The next step for moving the test toward clinical implementation is for a laboratory to pilot the assay and offer feedback on its performance after using it on thousands of specimens. According to Petritis, there "has been some traction towards that goal recently."
Mei Baker, director of the newborn screening laboratory at the Wisconsin State Laboratory of Hygiene, said that there is "no question" that homocysteine is a much better marker than methionine in newborn screening for homocystinuria. Baker said that she was confident the method can be adopted in public newborn screening labs like hers and that to her knowledge, it is the only reported homocysteine measurement method that can be multiplexed with other mass spectrometry analytes used in newborn screening.
She added that the test needs to be further evaluated in a routine newborn screening setting and undergo regulatory compliance validation. Baker also noted that there are other genetic defects that may cause elevated homocysteine, which are beneficial to identify during newborn screening.

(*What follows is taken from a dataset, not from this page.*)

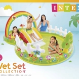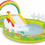 Crea per i bambini il loro mondo acquatico in giardino con il centro giochi gonfiabile a tema giardino. La piscinetta colorata con scivolo, spruzzatore ad arco arcobaleno e ricchi accessori (farfalline, funghetti, palline) offre ore di divertimento in sicurezza. Grazie alla capacità di 450 l, all'altezza della parete di 13 cm e alla portata massima di 54 kg è ideale per i più piccoli dai 2 anni.

Detecting other diseases related to homocysteine levels was raised as an option by Petritis as well. The ability to add homocysteine analysis into primary tandem mass spectrometry screening "opens the door for the detection of other rare metabolic diseases that use total homocysteine as a biomarker," Petritis said, naming re-methylation disorders as examples. The research team is also working to multiplex two more biomarkers into the test that will be able to differentiate homocystinuria from other diseases, he said.